→ Problem: Retype the opening lines of the data exactly, stopping after the line that contains "Regionale Landwirtschaft mit". Skip every picture.

→ Dataset section:

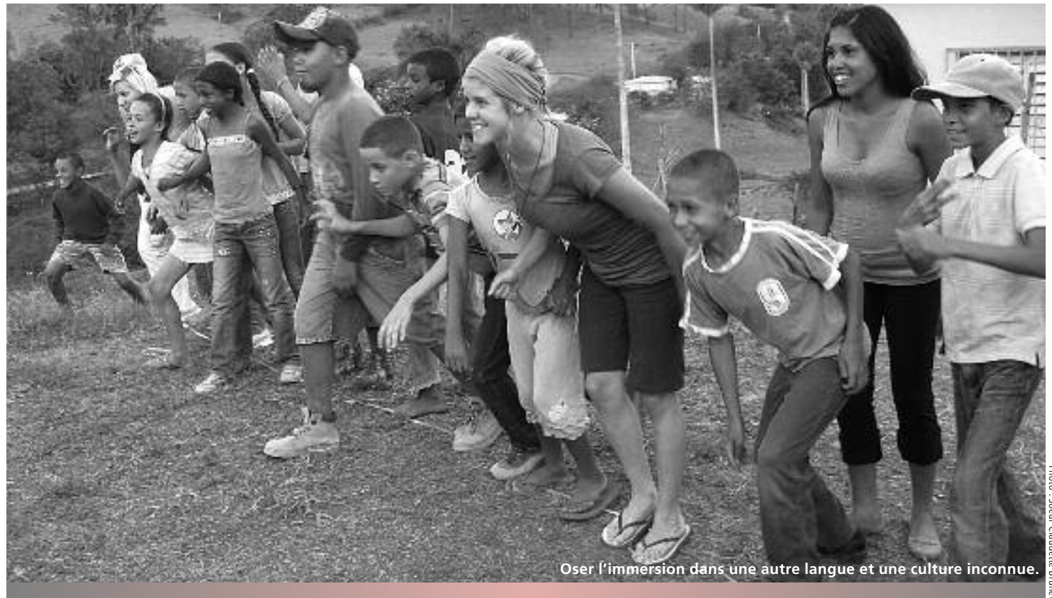
Oser l'immersion dans une autre langue et une culture inconnue.
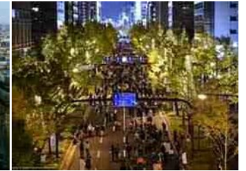
御堂筋(大阪市)…約4km ※写真はイルミネーションイベント
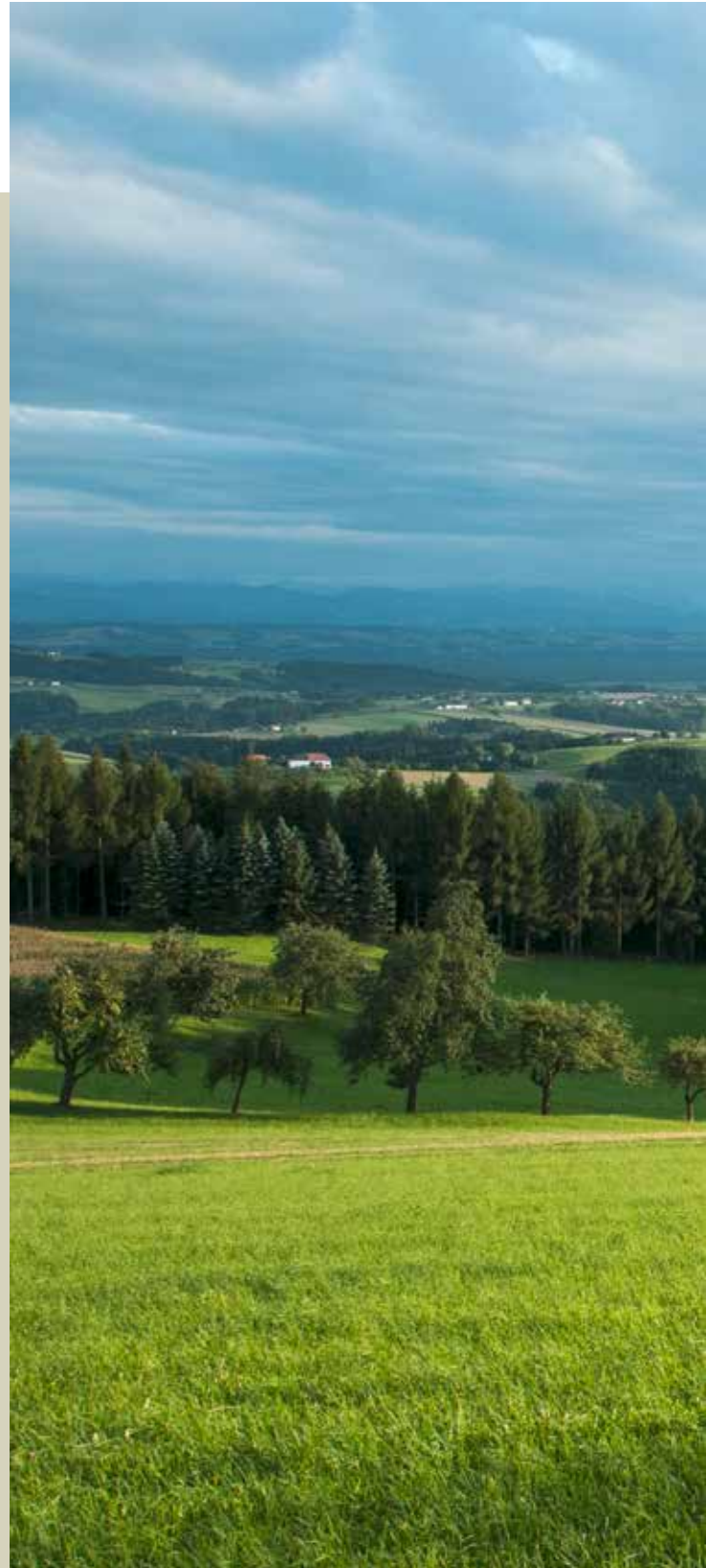
Regionale Landwirtschaft mit schonender Nutzung der Ressourcen

Die Erhaltung und positive Weiterentwicklung unserer Landwirtschaft spielt eine zentrale Rolle in unserer Gemeinde. Der strukturelle Wandel der letzten Jahre und in Zukunft wird nicht als Gefahr, sondern als Chance gesehen, die es zu gestalten gilt.

→ Completed task:
Oser l'immersion dans une autre langue et une culture inconnue.
御堂筋(大阪市)…約4km ※写真はイルミネーションイベント
Regionale Landwirtschaft mit schonender Nutzung der Ressourcen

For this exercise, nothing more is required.